For Beginners: The Vision Transformer (ViT) is a modern approach to understanding images using transformers.
Unlike traditional neural networks that process images pixel by pixel or with sliding windows (convolutions), ViT treats an image like a sentence of words:
- First, it cuts the image into small square patches (like breaking a sentence into words)
- Each patch gets converted to a numerical representation (like word embeddings)
- Position information is added so the model knows where each patch came from
- A special classification token is added to gather information about the whole image
- Transformer layers process all patches together, learning relationships between them
- Finally, the classification token's output is used to predict the image class
This approach has been very successful and often outperforms traditional convolutional neural networks, especially when trained on large datasets.
Constructors
VisionTransformer(NeuralNetworkArchitecture<T>, int, int, int, int, int, int, int, int, int, ILossFunction<T>?)
Creates a new Vision Transformer with the specified configuration.
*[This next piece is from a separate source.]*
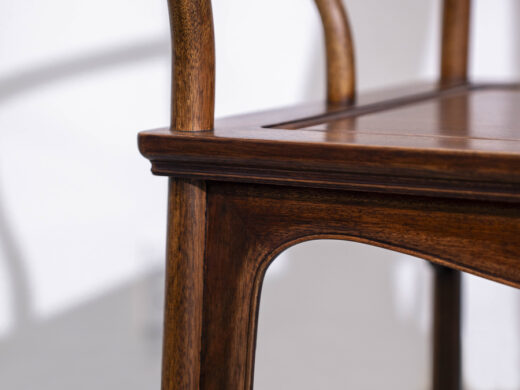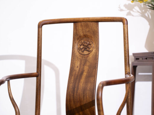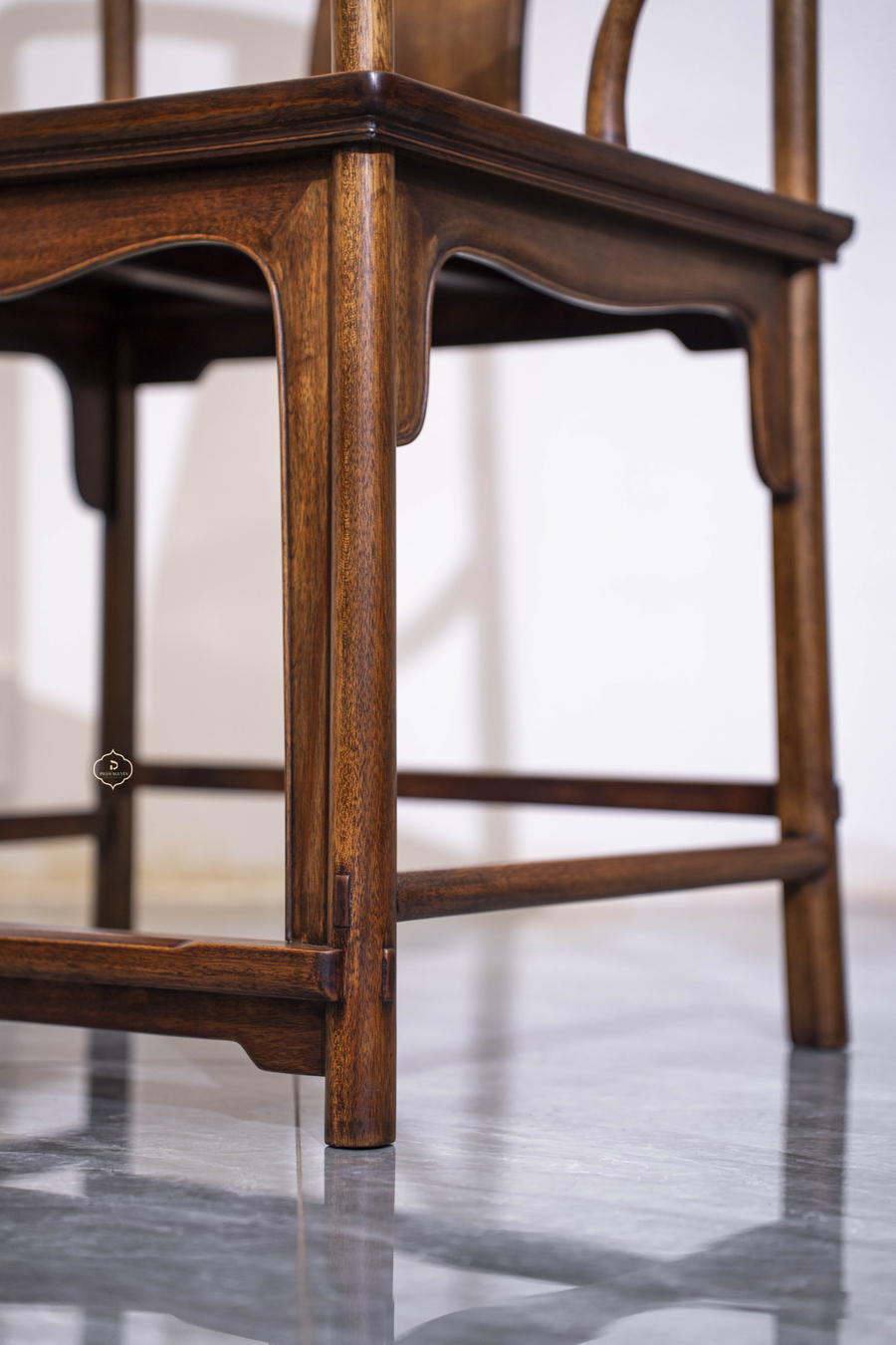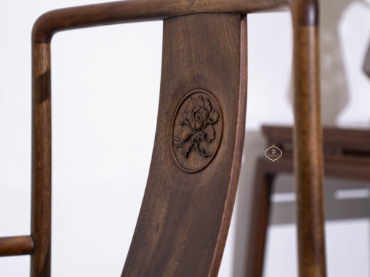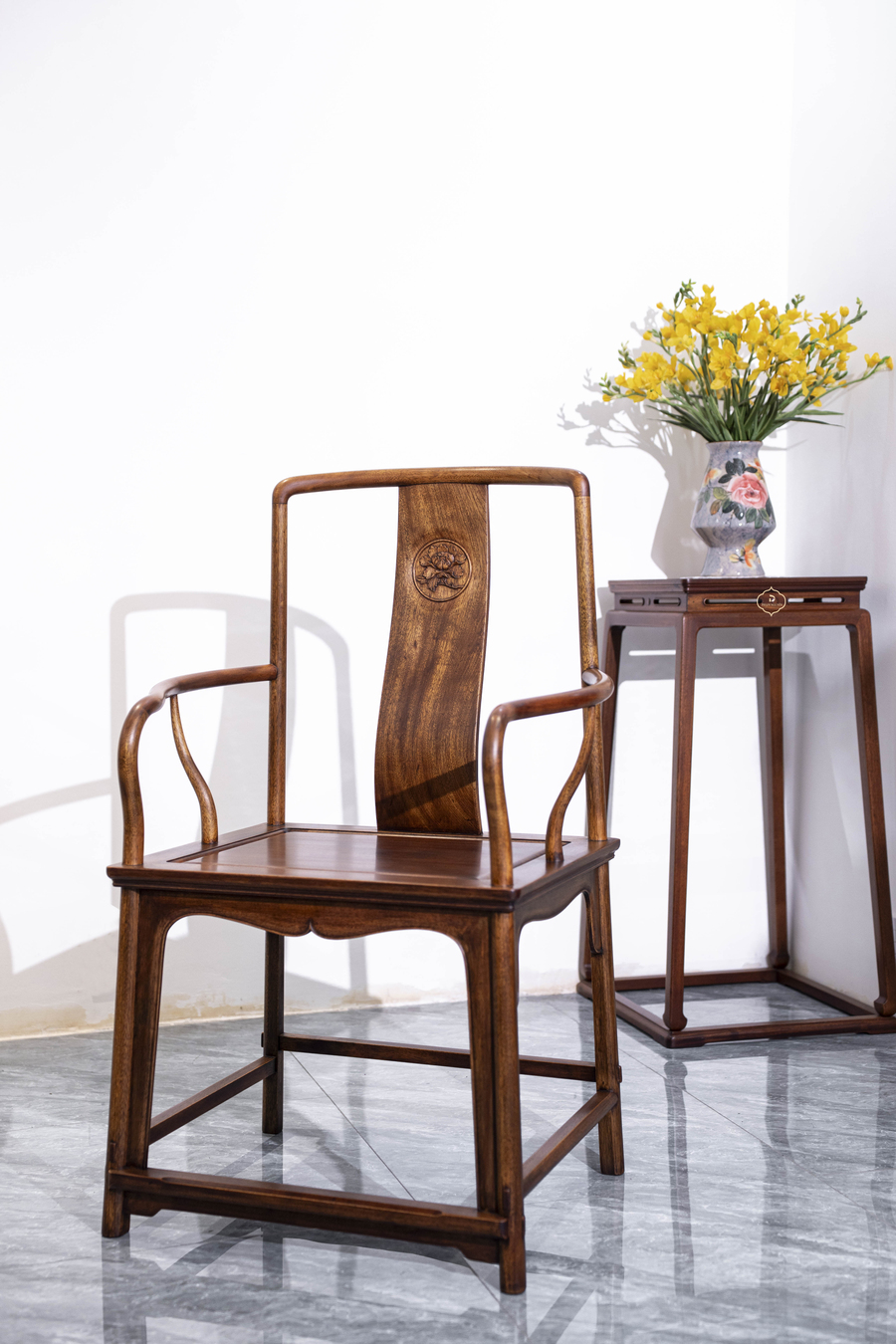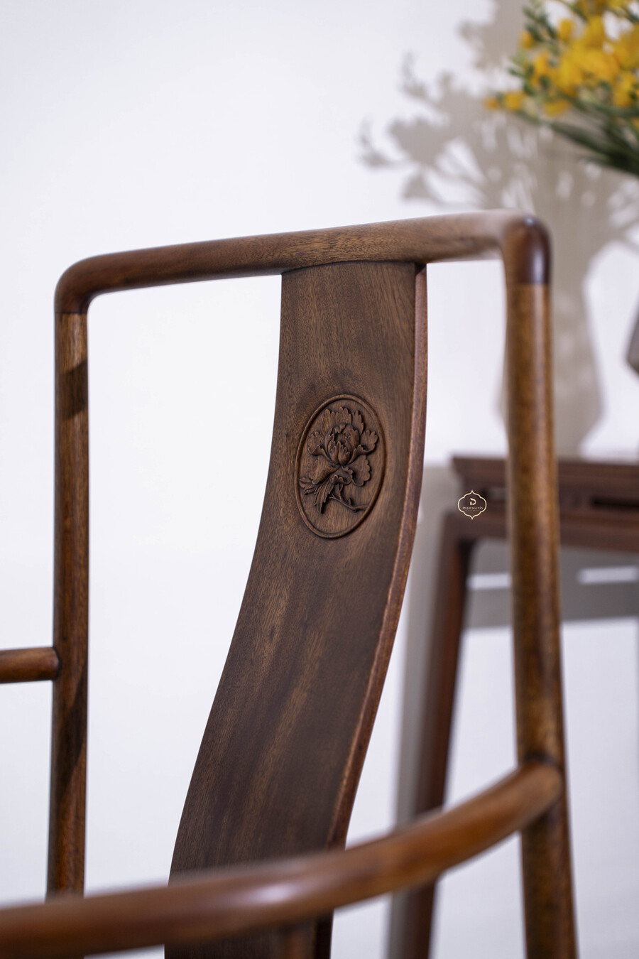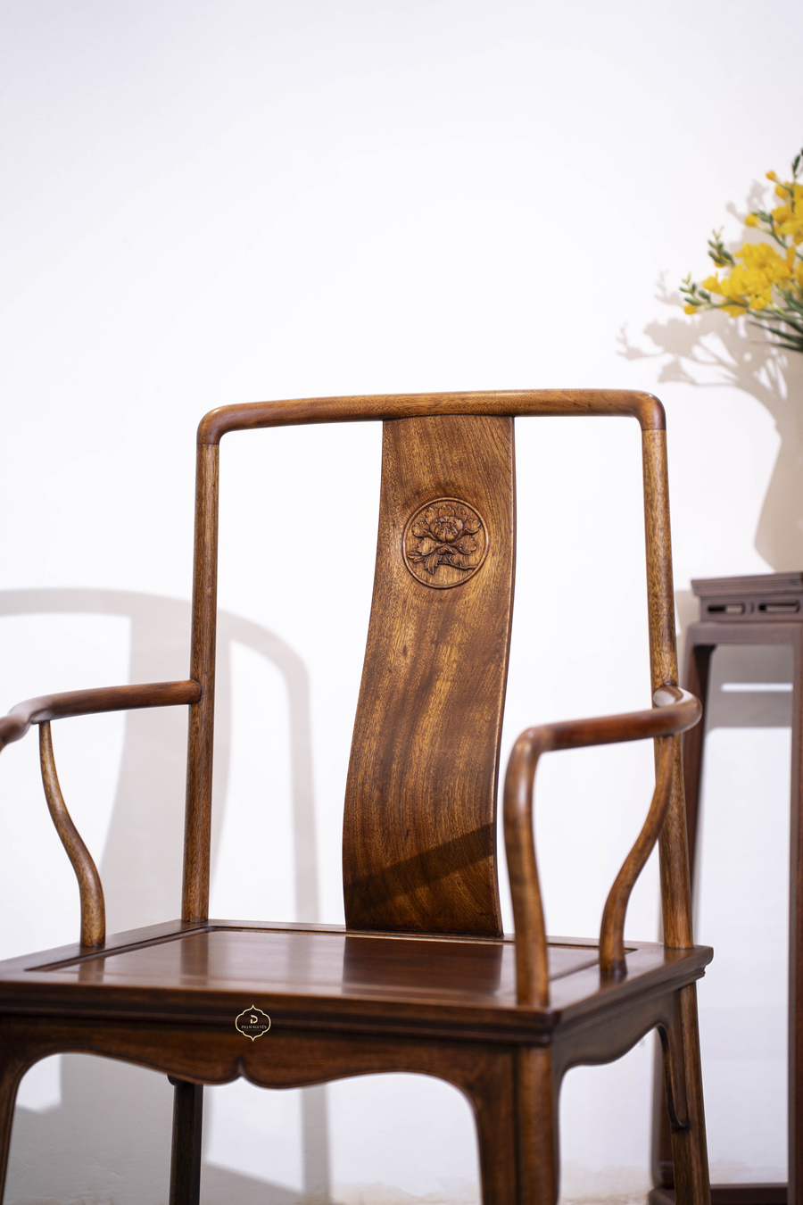 Ghế được chế tác từ gỗ Gụ tự nhiên, loại gỗ nổi tiếng với thớ mịn, vân nhỏ đều và màu nâu trầm ấm. Gỗ Gụ có độ ổn định cao, ít cong vênh, càng sử dụng lâu bề mặt càng lên màu đậm và bóng tự nhiên, tạo cảm giác cổ điển, gần gũi.

public VisionTransformer(NeuralNetworkArchitecture<T> architecture, int imageHeight, int imageWidth, int channels, int patchSize, int numClasses, int hiddenDim = 768, int numLayers = 12, int numHeads = 12, int mlpDim = 3072, ILossFunction<T>? lossFunction = null)
Parameters
architectureNeuralNetworkArchitecture<T>The architecture defining the network structure.
imageHeightintThe height of input images.
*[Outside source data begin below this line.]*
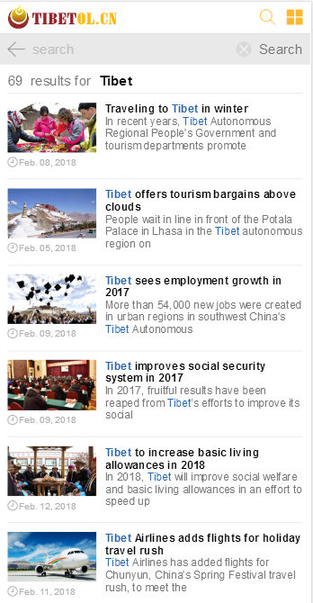 西藏在线英文手机网站,以服务全球热爱西藏的读者为出发点,内容包括文字、图片、图表、音频、视频等各类信息产品以及各类历史资料,并具有高效、灵活实用的检索、浏览及推送服务等多种功能,可全方位满足全球英文网民的阅读需求。
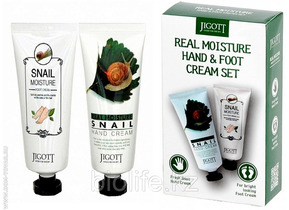 Набор кремов для рук и ног с экстрактом слизи улитки JIGOTT Real Moisture Hand & Foot Cream Set 100ml*2.
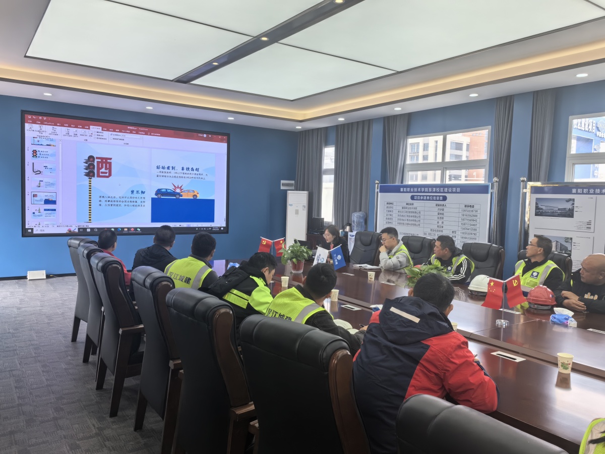 圖為漢江城建紀(jì)委對(duì)襄陽(yáng)職業(yè)技術(shù)學(xué)院東津校區(qū)、襄陽(yáng)技師學(xué)院二期工程項(xiàng)目一線全體管理人員開(kāi)展酒醉駕專題警示教育
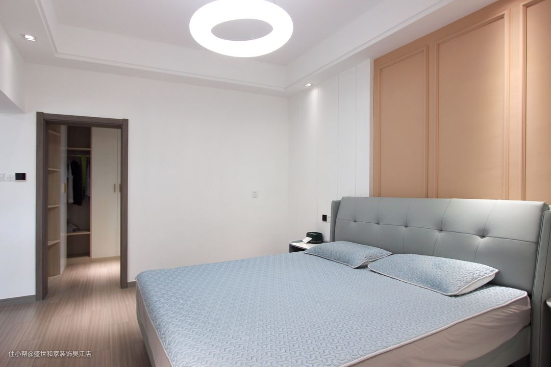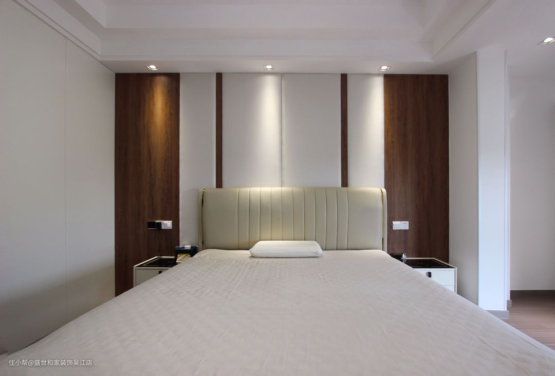 主卧的打造以静谧舒适为主,让居者沉浸在温馨氛围中。顶部筒灯映照在背景墙上,彰显别具一格的空间层次感。

imageWidthintThe width of input images.
channelsintThe number of color channels (e.g., 3 for RGB).
patchSizeintThe size of each square patch.
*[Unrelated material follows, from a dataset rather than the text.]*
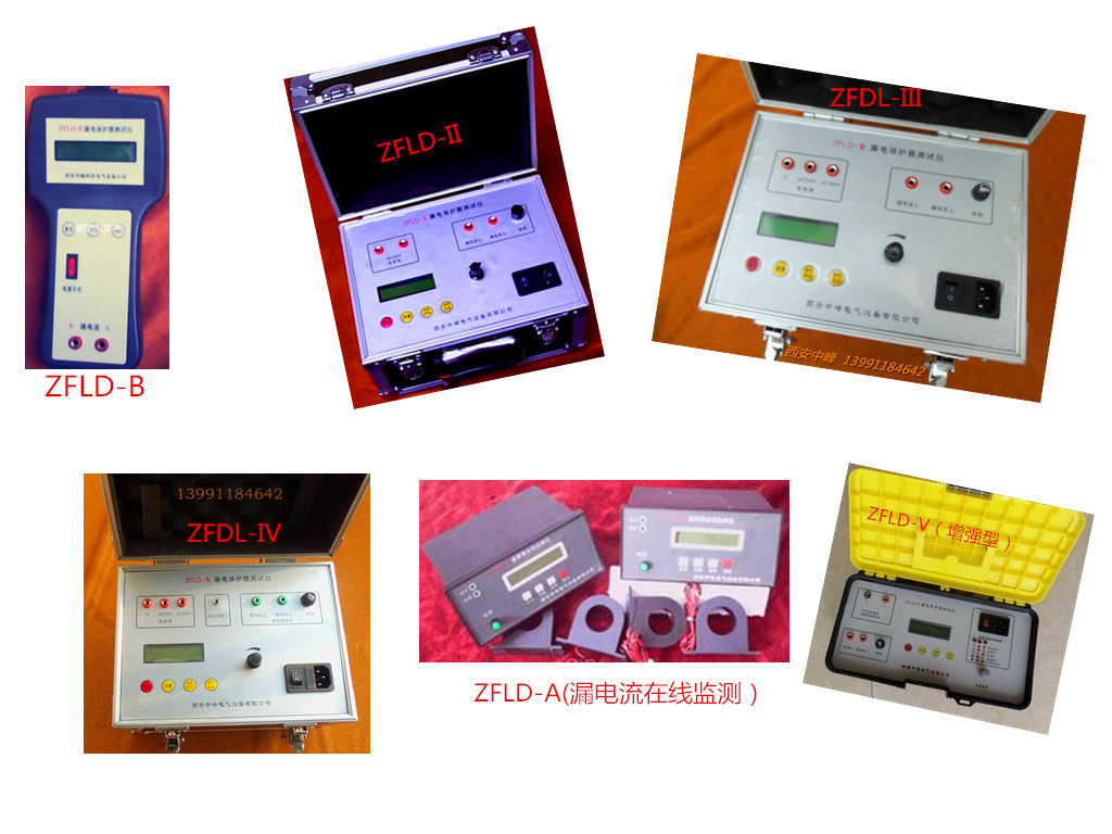 ZFLD-B型: 表型電漏電保護器測試儀。測試漏電電流15mA、30mA 、60mA、90mA ,120 mA、200mA, 300mA, 500mA ;測量時間:0—9999mS;時間分辯率:1ms;既可帶電測試亦可不帶電測試;
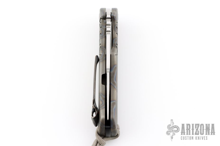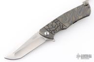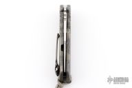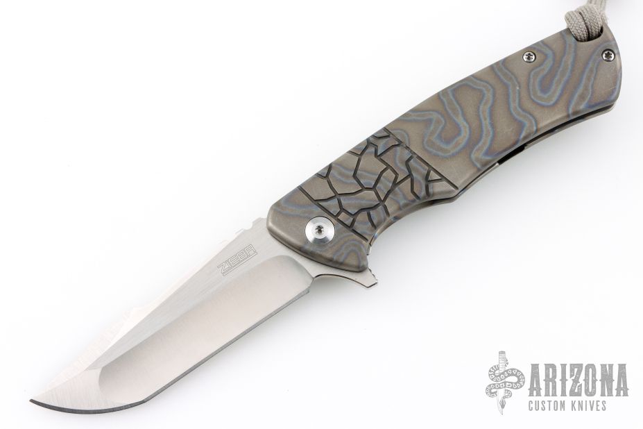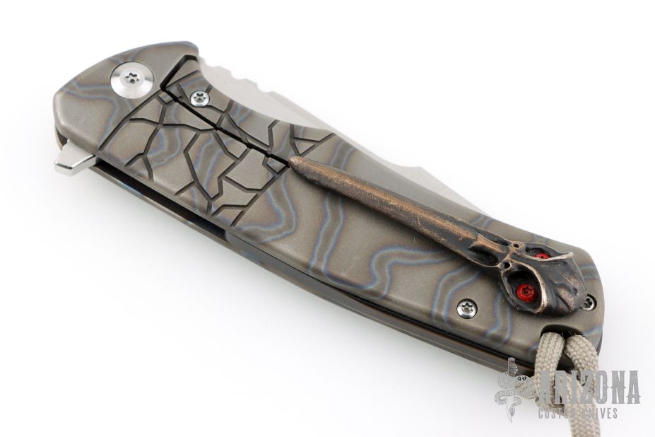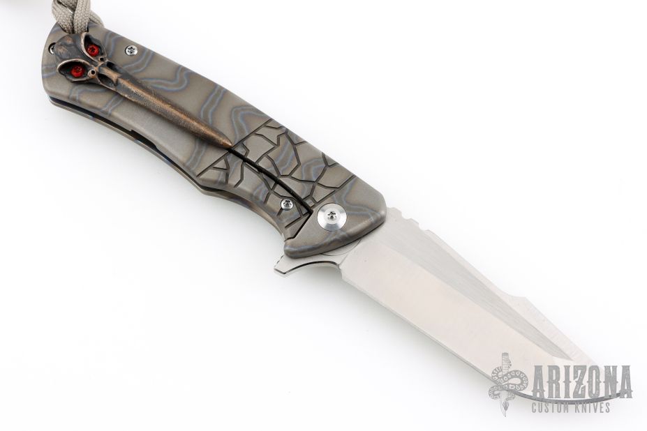 This Framelock Model S4+ by Michael Zieba features a satin finished blade with notched thumbrest and flipper. The handle has a flame-finished titanium frame with a custom "Angry Bird" tip up clip with red screws and a copper backspacer. Nice detent, lockup and blade seating. Has bearings and a ceramic detent ball. Comes with original box, COA, extra clip, tool, and bird skull bead (attached). Has light scuffs and scratches throughout, good condition; great user condition otherwise.

numClassesintThe number of output classes.
hiddenDimintThe dimension of embeddings (default: 768).
numLayersintThe number of transformer encoder layers (default: 12).
numHeadsintThe number of attention heads (default: 12).
mlpDimintThe dimension of the feed-forward network (default: 3072).
lossFunctionILossFunction<T>The loss function to use (defaults to categorical cross-entropy if null).
Remarks
For Beginners: This constructor creates a Vision Transformer with your specifications.
The parameters let you customize:
- Image dimensions: Size and channels of input images
- Patch size: How to divide images (common values: 16 or 32)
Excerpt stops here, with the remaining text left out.